Task instructions:
From the data that follows, report the number of lines including "spittlebug", and only that number.
#### Record excerpts ####
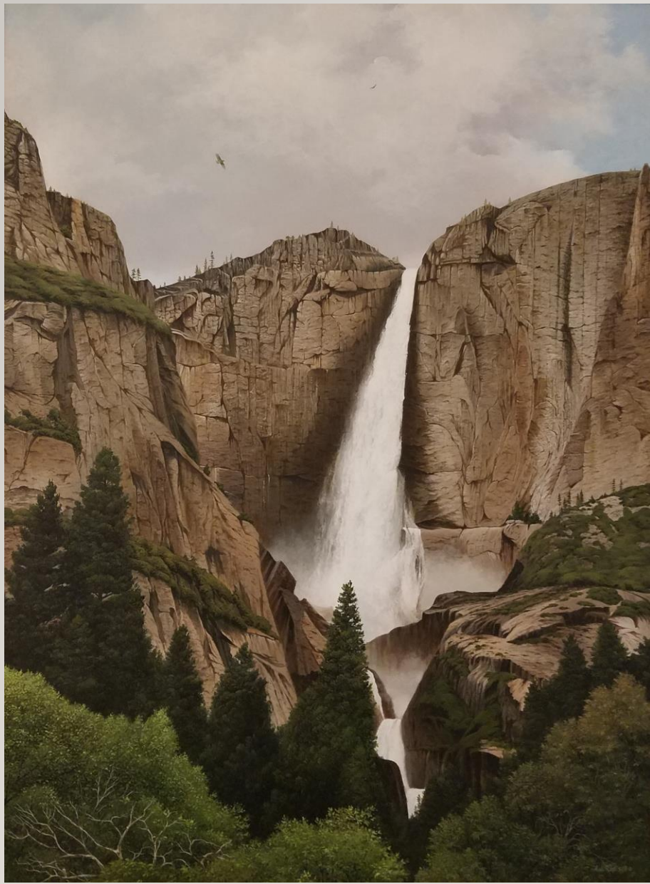
A.J. Rudisill Yosemite Falls Acrylic on panel 40" x 30"
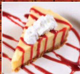
Key Lime Pie..$3.95
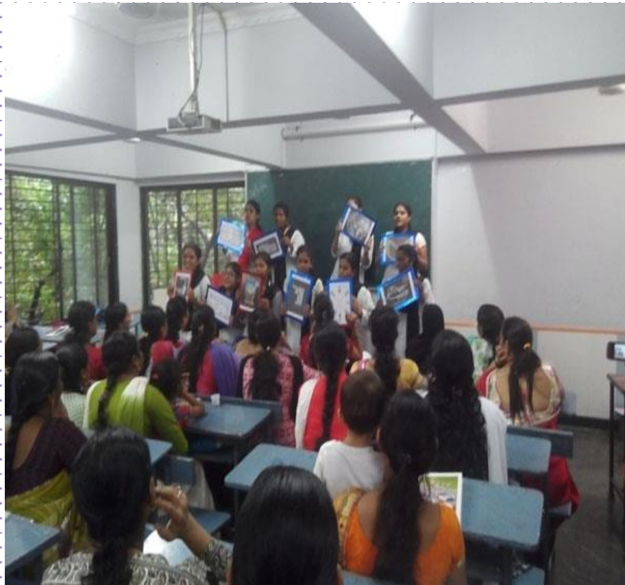
SKIT ON SOCIAL AWARENESS
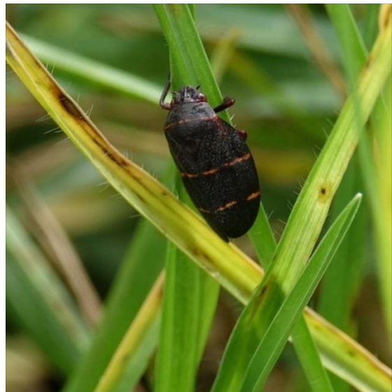
Figure 1. Adult Two-lined spittlebug ( Prosapia bicincta ) on Kikuyugrass.

Two-lined spittlebug (TLSB), Prosapia bicincta , (Hemiptera; Cercopidae) was first detected in Kailua-Kona, on the Big Island of Hawaii in September of 2016 where it had caused severe damage to nearly 2,000 acres of pasture land. The pest has since rapidly expanded its range and is now causing damage to rangelands across an estimated 125,900 acres between Hualalai in the north and Keokea in the south. In highly infested areas, TLSB has resulted in nearly 100% die back of the dominant and key pasture grasses including Kikuyu ( Pennisetum clandestinum ) and pangola ( Digitaria eriantha ) grasses. The loss of these important livestock forages provides entry for the establishment of many undesirable, and often invasive plants such as Pamakani ( Eupatorium adenophorum ), wild blackberry ( Rubus spp.), fireweed ( Senecio madagascariensis ), Hilo grass ( Paspalum conjugatum ), several other minor grasses of low forage quality, and other weeds. Currently TLSB appears to be isolated to the North Kona area, but because of its seeming preference for key livestock forage grasses it has the potential to spread throughout the islands and irreparably harm large areas of valuable livestock grazing lands. Consequently, TLSB is poised to become a major economic threat to the pasture-based livestock industry in Hawaii unless steps are taken to control the pest.
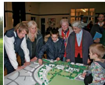
Physical model of the proposals prepared at the EbD
####
Response area:
2